そう言われて、困惑したけど、私を撮りたいと言われて嫌な気持ちにはならなかった。

「私でよければ、お願いします。」

そう言ってぺこりと頭を下げた。

「お願いするのはこっちだよ。改めて本当にありがとう。今回の文化祭は、プロのカメラマンの方もくるみたいで、みんな気合いが入ってるんだ。」

楽しみというのが私にも伝わってきた。

「だから、早速で悪いんだけど、撮りたい写真のイメージを固めてくるから、それが終わったら撮影させてくれる?」

たしかに、プロのカメラマンが来るなら早めに行動して、いいものを展示したいだろうな。

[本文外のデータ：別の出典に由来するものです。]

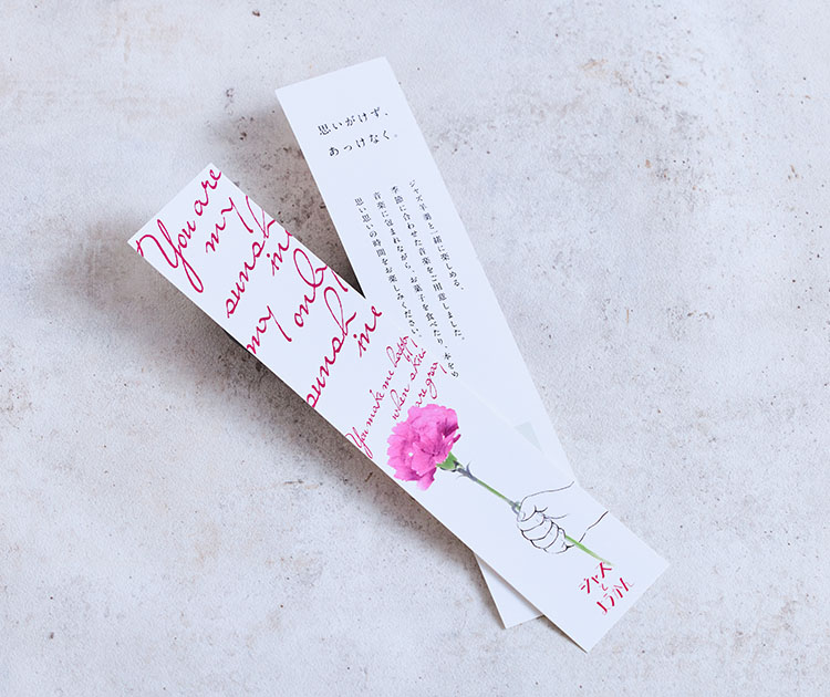 ジャズ羊羹の箱の中にはカードを1枚お入れしています。音楽を愛する作家・takanori masutani氏による描き下ろしイラストには、水墨画ならではの陰影が美しい可憐なピンクのカーネーションと、花を贈ろうと手を伸ばす無垢な子供の手が繊細に描かれています。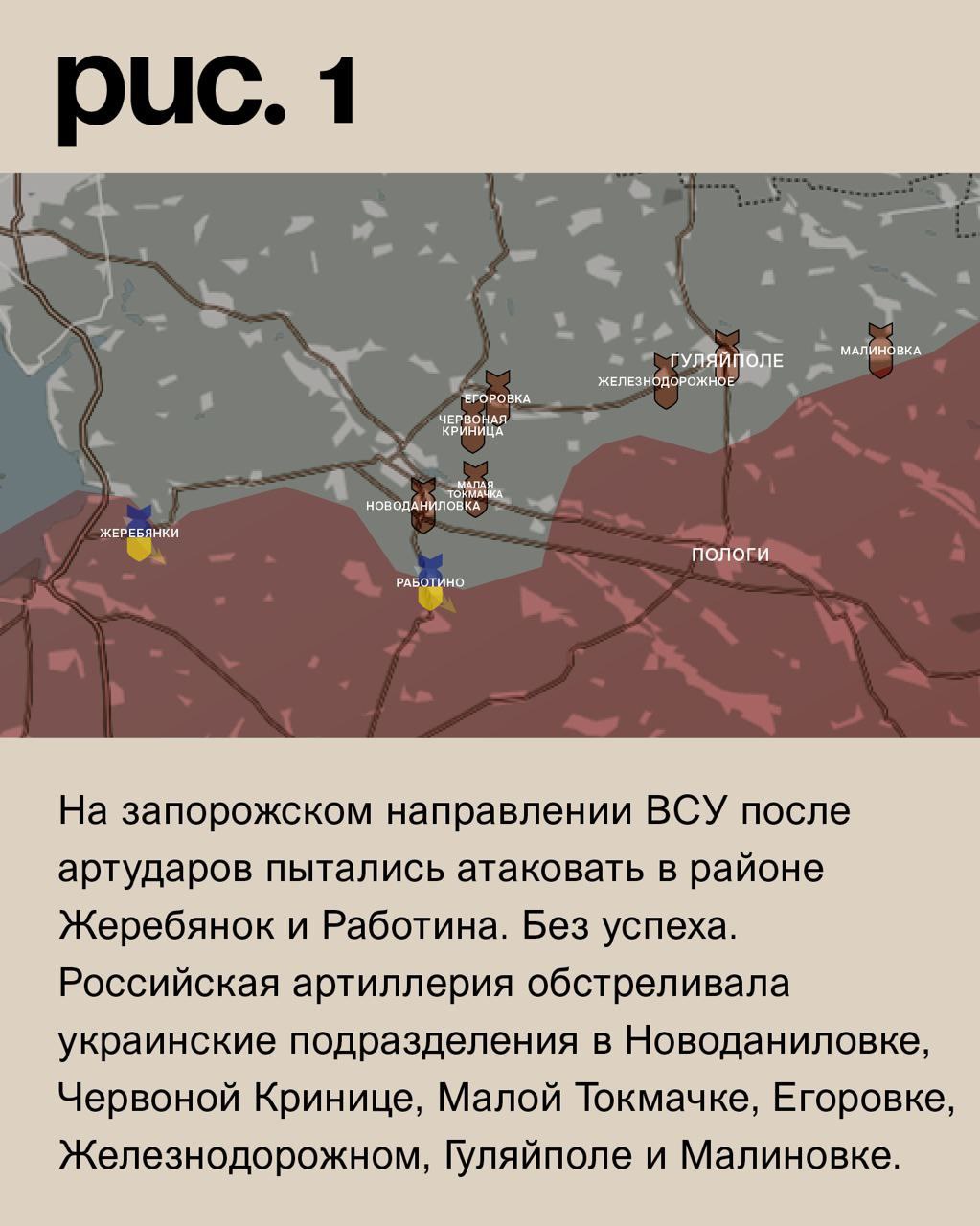 На ЗАПОРОЖСКОМ направлении ВСУ после артударов пытались атаковать село ЖЕРЕБЯНКИ. Без успеха. Такая же участь постигла их штурмовые действия у РАБОТИНО.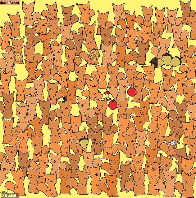 In Dudolf’s graphic below, puzzlers are asked to find the one and only mouse hiding in a busy scene full of squirrels.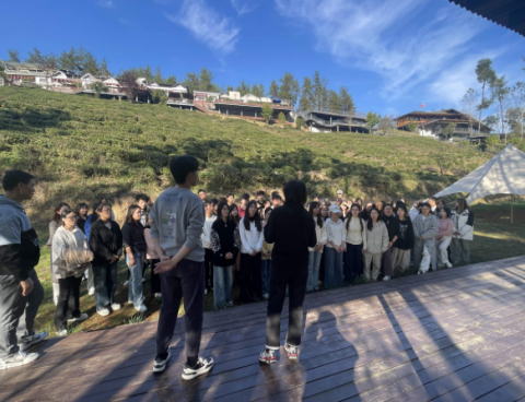 下午,师生一行来到了紫阳茶山进行采风活动。紫阳的茶歌影响力较大,采茶是茶歌艺术重要的来源。在这里,员工聆听了教师的讲课,并进行了紫阳民歌的排练和表演。深入茶园、演唱民歌,使员工深受教育。
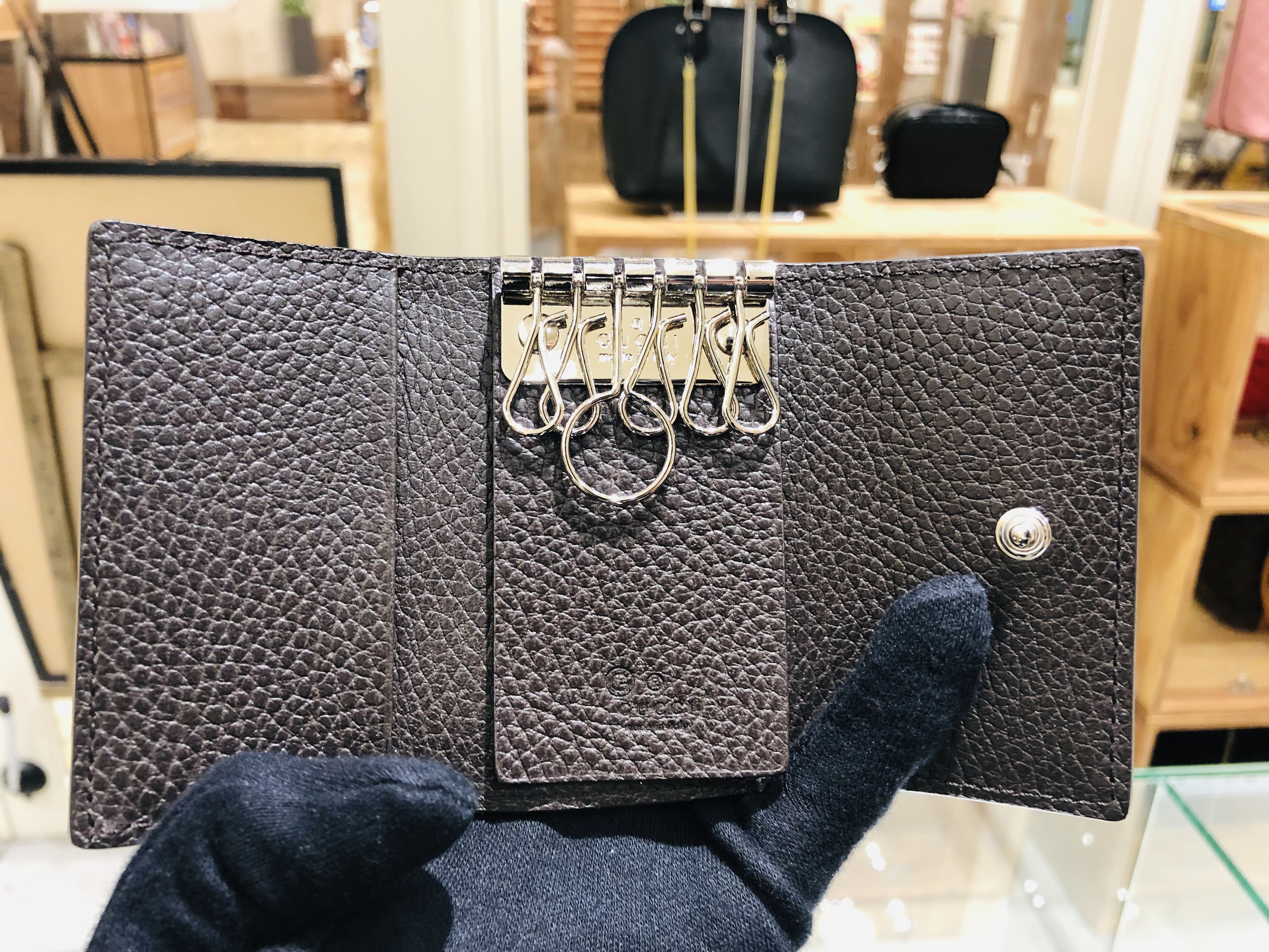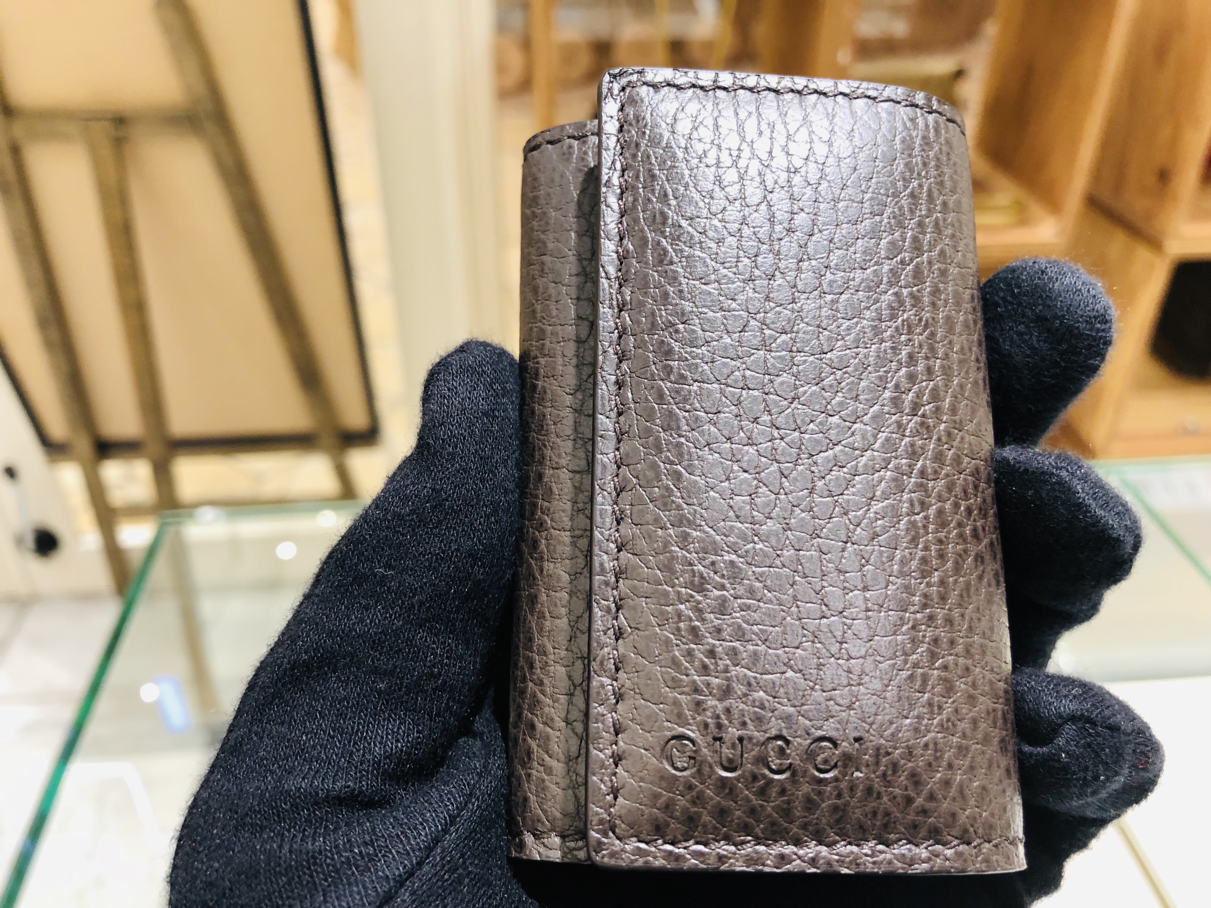 二点目、型押しレザーの6連キーケースとなります。インターロッキングG金具がポイントです。

「もちろん。私にできることなんて写真に写るだけだから。」

そう笑うと、

「それだけじゃないよ!写真に写ってくれるのがこっちは凄くありがたいんだから。」

そうやって話していると、下校のチャイムが鳴った。

「あ、もう帰らないと。」

早く帰らないと、先生に怒られちゃう。二人でそう言いながら走って部室に戻った。

「花城さん。本当にありがとう。また明日!」

またまた感謝をされた。そこまでのことはしてないのにな。

「うん。また明日。」

そう言って手を振る。

帰ったら夕飯がもう出来ているはずだ。
そういえば、話してたから時間を見てなかったけど、いつもよりも遅い時間になってしまった。お母さんに怒られちゃうかもな。

そう思いながら、久しぶりに一人で帰った。

『テーマはありのまま。』
そう言った清水くんを思い出す。
ありのまま。
私には、1番遠い言葉だと思った。